The above-mentioned serial numbers of the embodiments of the present invention are merely for description and do not represent the merits of the embodiments.
In the above embodiments of the present invention, the descriptions of the respective embodiments have respective emphasis, and for parts that are not described in detail in a certain embodiment, reference may be made to related descriptions of other embodiments.
In the embodiments provided in the present application, it should be understood that the disclosed technology can be implemented in other ways. The above-described embodiments of the apparatus are merely illustrative, and for example, the division of the units may be a logical division, and in actual implementation, there may be another division, for example, multiple units or components may be combined or integrated into another system, or some features may be omitted, or not executed. In addition, the shown or discussed mutual coupling or direct coupling or communication connection may be an indirect coupling or communication connection through some interfaces, units or modules, and may be in an electrical or other form.
The units described as separate parts may or may not be physically separate, and parts displayed as units may or may not be physical units, may be located in one place, or may be distributed on a plurality of units. Some or all of the units can be selected according to actual needs to achieve the purpose of the solution of the embodiment.
In addition, functional units in the embodiments of the present invention may be integrated into one processing unit, or each unit may exist alone physically, or two or more units are integrated into one unit. The integrated unit can be realized in a form of hardware, and can also be realized in a form of a software functional unit.
The integrated unit, if implemented in the form of a software functional unit and sold or used as a stand-alone product, may be stored in a computer readable storage medium. Based on such understanding, the technical solution of the present invention may be embodied in the form of a software product, which is stored in a storage medium and includes instructions for causing a computer device (which may be a personal computer, a server, or a network device) to execute all or part of the steps of the method according to the embodiments of the present invention.
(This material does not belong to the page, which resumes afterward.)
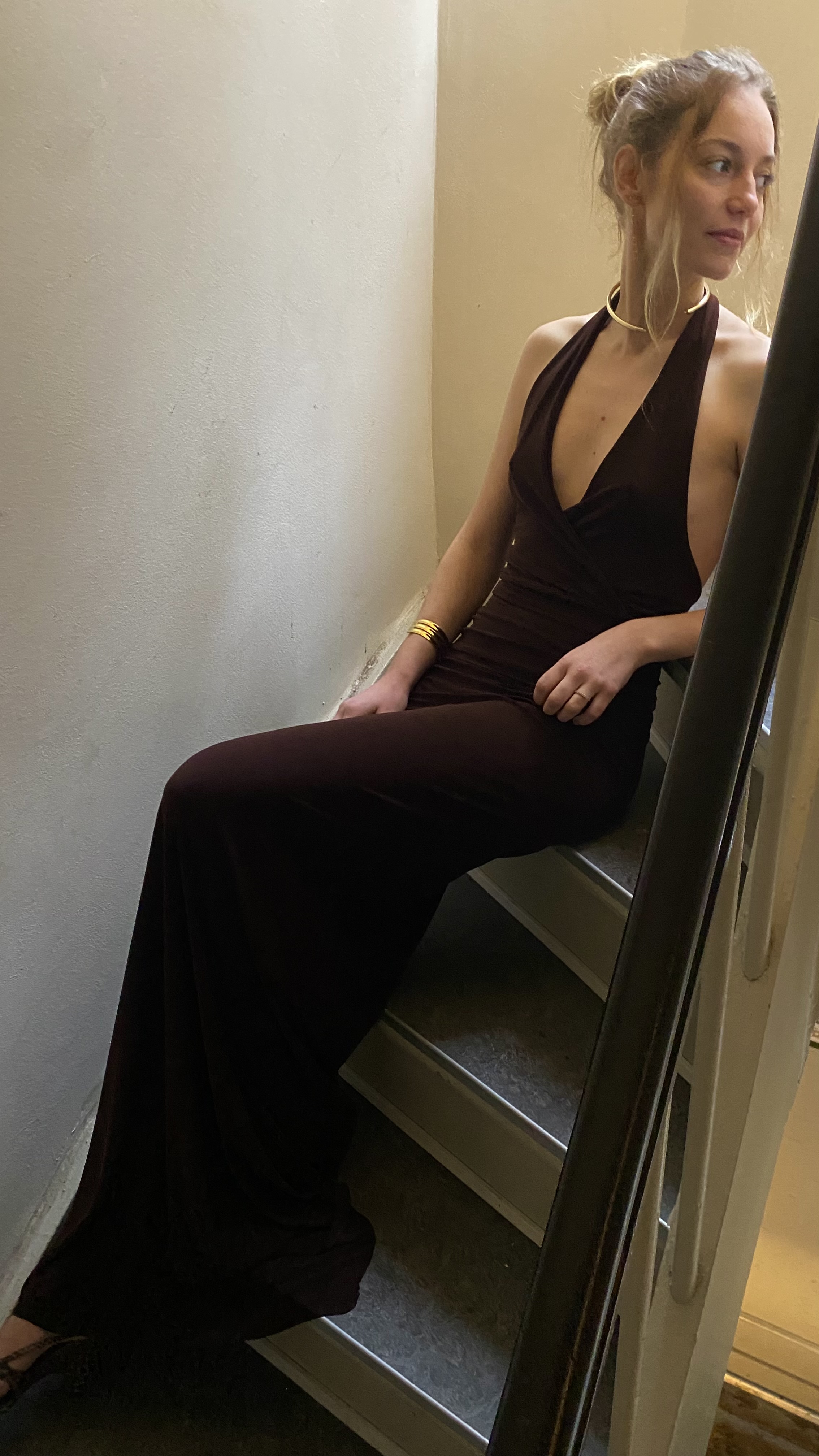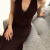 Lang halterneck kjole, mørkebrun

And the aforementioned storage medium includes: a U-disk, a Read-Only Memory (ROM), a Random Access Memory (RAM), a removable hard disk, a magnetic or optical disk, and other various media capable of storing program codes.
The foregoing is only a preferred embodiment of the present invention, and it should be noted that, for those skilled in the art, various modifications and decorations can be made without departing from the principle of the present invention, and these modifications and decorations should also be regarded as the protection scope of the present invention.
Claims (8)
1. A method of controlling a gateway device, comprising:
acquiring a data packet intercepted by gateway equipment, wherein the data packet is sent to terminal equipment by a cloud server;
and carrying out security detection on the data packet to obtain a target detection result, wherein the detection process of the security detection at least comprises the following steps: detecting the source of the data packet and whether the data in the data packet contains sensitive information;
controlling network connection between the gateway equipment and the cloud server according to the target detection result;
when the gateway equipment and the cloud server are in a network disconnection state, storing target data read from the terminal equipment by the gateway equipment;
when the gateway equipment is detected to be in a power-off state, an electric energy storage unit is controlled to supply power to the gateway equipment, so that the gateway equipment runs for a preset time, wherein the electric energy storage unit at least comprises a capacitor and a sensor.
2. The method of claim 1, wherein performing security inspection on the data packet to obtain an object inspection result comprises:
detecting a data source of the data packet;
when the data source is detected to be the cloud server, detecting the data of the data packet to obtain a first detection result;
when the first detection result represents that the data of the data packet is abnormal data, determining that the data packet is an abnormal data packet;
and when the first detection result represents that the data of the data packet is normal data, determining that the data packet is a normal data packet.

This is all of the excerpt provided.